— Task to complete —
Leave out the pictures and give back all the entries exactly as written.
Extracted records below:
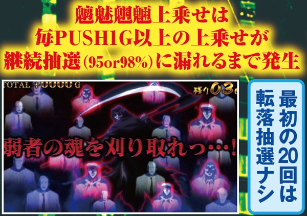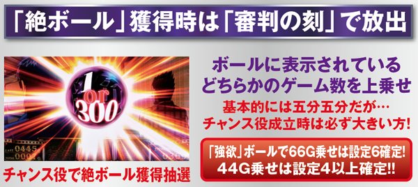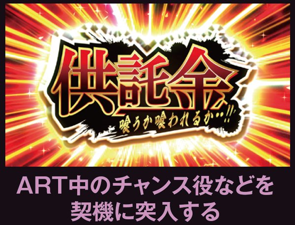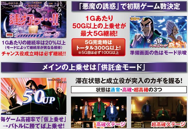 ART開始時は基本的に悪魔の誘惑に突入。毎ゲーム50G以上の上乗せなので、2G以上継続するだけで3ケタG数スタートとなる。ART中のゲーム数上乗せ契機は、メインとなるのが供託金モード、次いで絶ボールとなり、いずれも主にチャンス役成立時に突入(獲得)抽選を行うようだ。
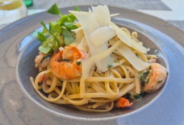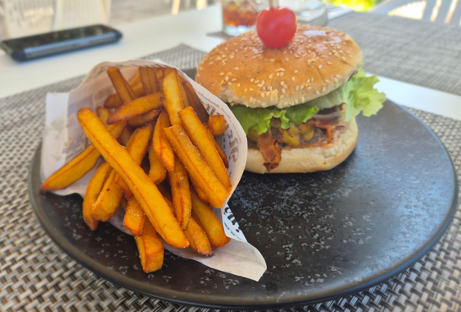 Hotel Osam je mali, adults only hotel s četiri zvjezdice i 31 sobom. U kuhinji je tim internacionalan, kao i jelovnik. Mi smo probali Marion shrimp pasta, tjesteninu s kozicama, te njihov Otok burger. Iako opisom jednostavna, oba su jela bila prepuna okusa i bilo nam je jasno zašto su se svidjela Michelinovim inspektorima. Ponekad je baš na jednostavnim i svima poznatim okusima najteže otići korak dalje i učiniti jelo prepoznatljivim.
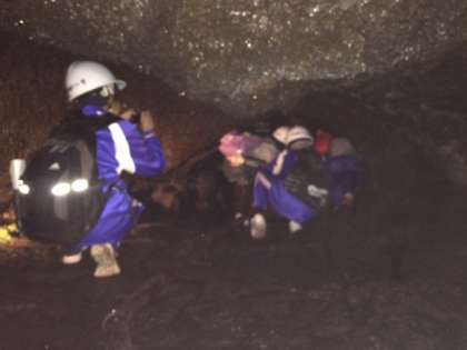 樹海探検。かなり暗くて、涼しいどころか、寒さを感じるくらいだったそうです。
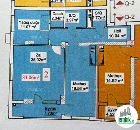 -Ümumi sahəsi 83m² olan 2 otaqlı mənzildir.
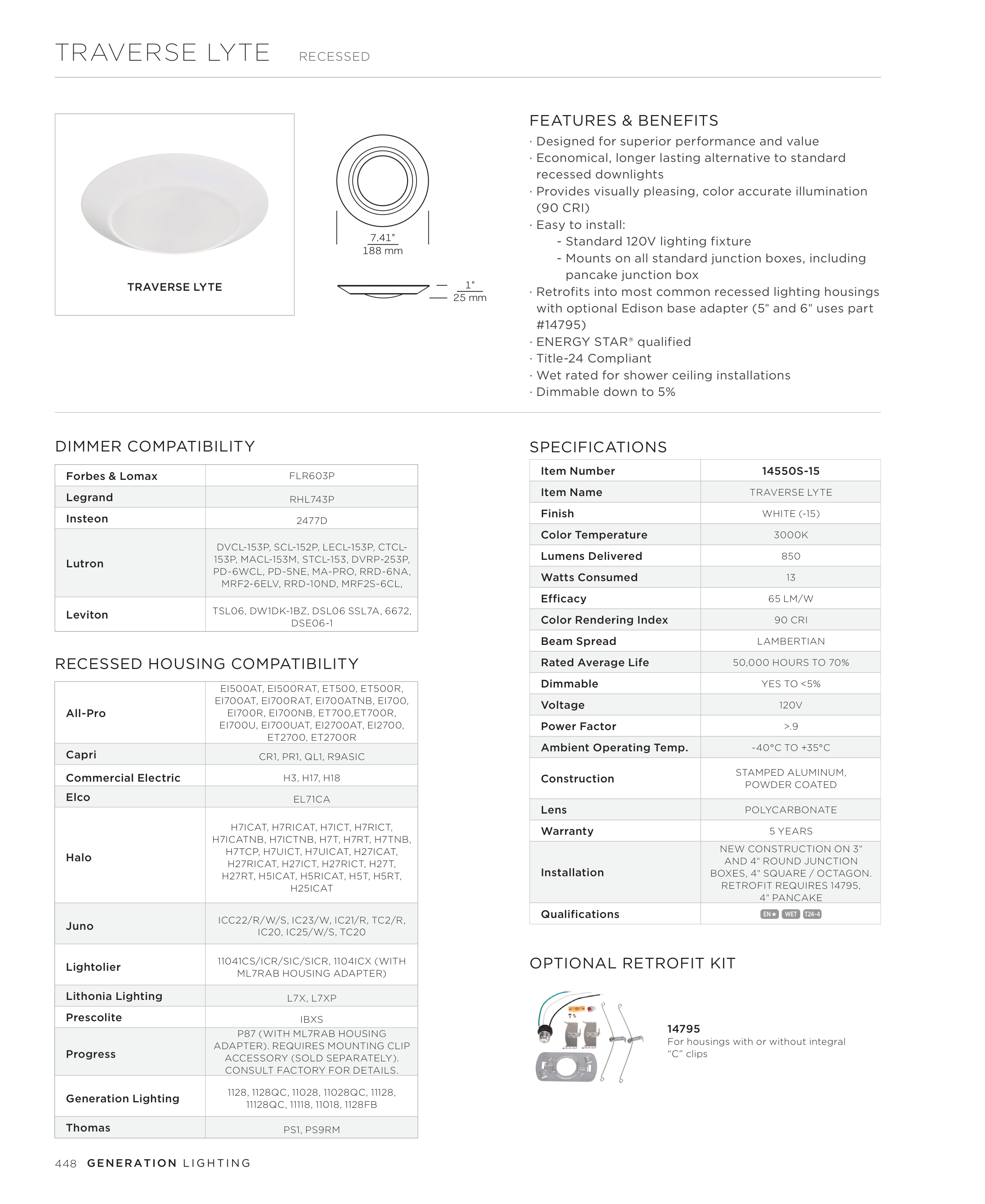∙ Retrofits into most common recessed lighting housings
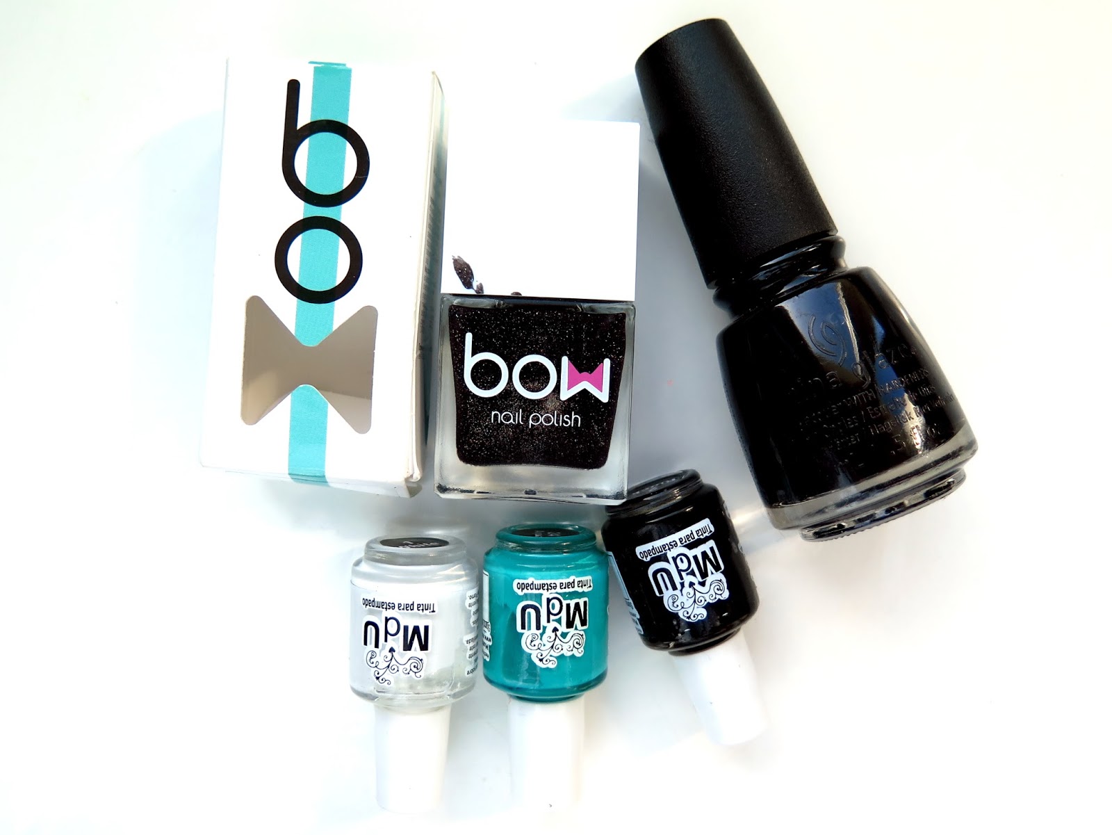 Jest też coś na co bardzo długo czekałam! Niesamowity termiczny topcoat BOW, który zmienia się z przezroczystego na czarny, a do tego ma jeszcze holograficzne drobinki! Zakochałam się w nim, odkąd go zobaczyłam na Instagramie u Svety. Z Martą z RedRouge czatowałyśmy, aż będzie restock w sklepie Nailland i gdy tylko uzupełnili zapasy udałyśmy się na łowy! Thermo topcoat to mój największy łup, ale dokupiłam też parę „drobiazgów”. Kończył mi się klasyczny czarny lakier, czas było już zaopatrzyć się w nowy i na podstawie opinii z Internetu wybrałam China Glaze. Kupiłam też moje pierwsze super lakiery do stempli Mundo de Unas – czarny, biały oraz turkusowy „Aqua”. Wcale nie śmierdzą tak bardzo, jak się słyszy! A stemplują pięknie.
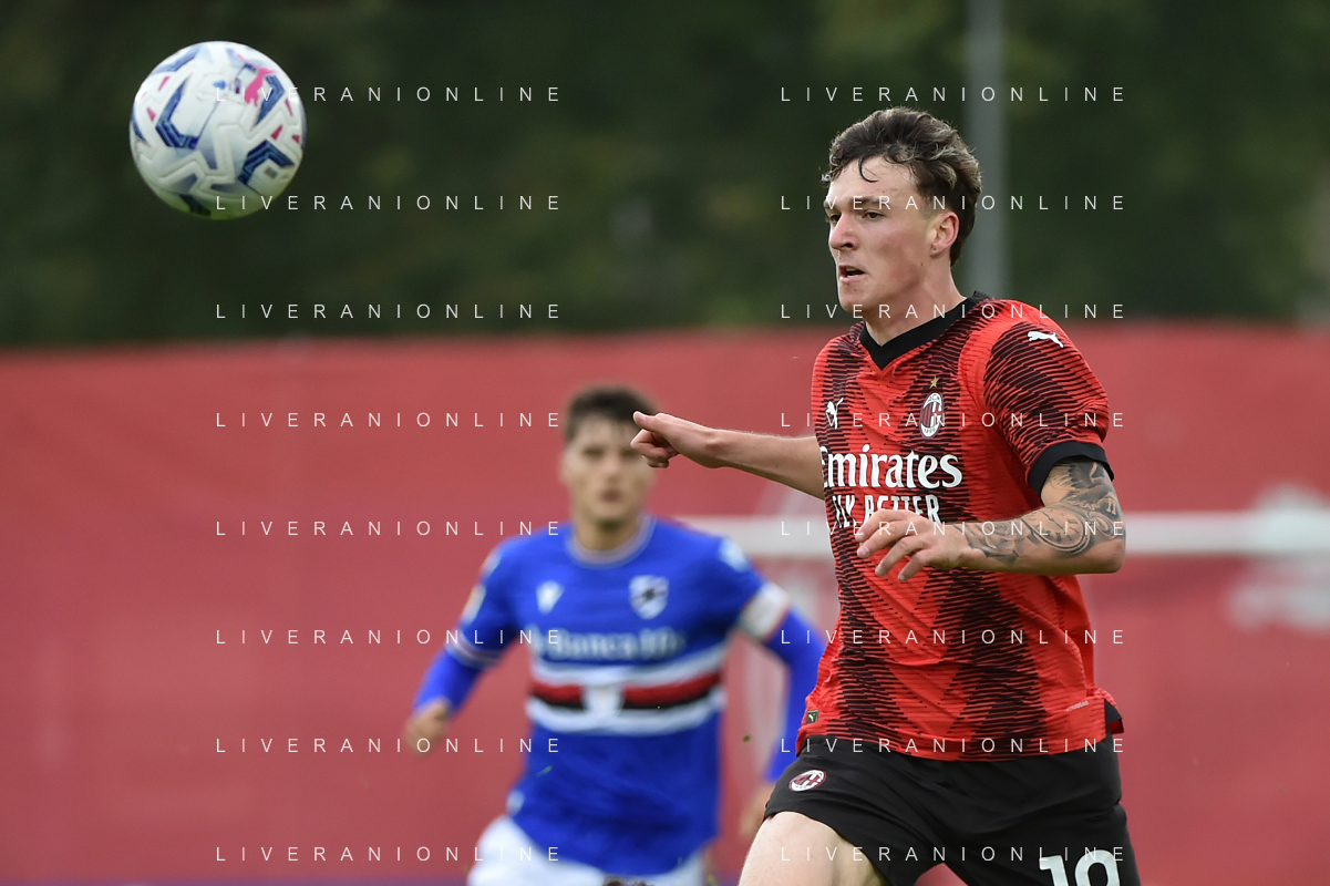 TVRG Milan vs Sampdoria nella foto Alessandro Bonomi (Milan) Milano 29-10-2023 Puma House of Football - centro sportivo Peppino Vismara Campionato Primavera 1 TIM - 8a giornata foto Roberto Garavaglia/ag. Aldo Liverani sas
End of Extracted records.
— Reply —
 ART開始時は基本的に悪魔の誘惑に突入。毎ゲーム50G以上の上乗せなので、2G以上継続するだけで3ケタG数スタートとなる。ART中のゲーム数上乗せ契機は、メインとなるのが供託金モード、次いで絶ボールとなり、いずれも主にチャンス役成立時に突入(獲得)抽選を行うようだ。
 Hotel Osam je mali, adults only hotel s četiri zvjezdice i 31 sobom. U kuhinji je tim internacionalan, kao i jelovnik. Mi smo probali Marion shrimp pasta, tjesteninu s kozicama, te njihov Otok burger. Iako opisom jednostavna, oba su jela bila prepuna okusa i bilo nam je jasno zašto su se svidjela Michelinovim inspektorima. Ponekad je baš na jednostavnim i svima poznatim okusima najteže otići korak dalje i učiniti jelo prepoznatljivim.
 樹海探検。かなり暗くて、涼しいどころか、寒さを感じるくらいだったそうです。
 -Ümumi sahəsi 83m² olan 2 otaqlı mənzildir.
∙ Retrofits into most common recessed lighting housings
 Jest też coś na co bardzo długo czekałam! Niesamowity termiczny topcoat BOW, który zmienia się z przezroczystego na czarny, a do tego ma jeszcze holograficzne drobinki! Zakochałam się w nim, odkąd go zobaczyłam na Instagramie u Svety. Z Martą z RedRouge czatowałyśmy, aż będzie restock w sklepie Nailland i gdy tylko uzupełnili zapasy udałyśmy się na łowy! Thermo topcoat to mój największy łup, ale dokupiłam też parę „drobiazgów”. Kończył mi się klasyczny czarny lakier, czas było już zaopatrzyć się w nowy i na podstawie opinii z Internetu wybrałam China Glaze. Kupiłam też moje pierwsze super lakiery do stempli Mundo de Unas – czarny, biały oraz turkusowy „Aqua”. Wcale nie śmierdzą tak bardzo, jak się słyszy! A stemplują pięknie.
 TVRG Milan vs Sampdoria nella foto Alessandro Bonomi (Milan) Milano 29-10-2023 Puma House of Football - centro sportivo Peppino Vismara Campionato Primavera 1 TIM - 8a giornata foto Roberto Garavaglia/ag. Aldo Liverani sas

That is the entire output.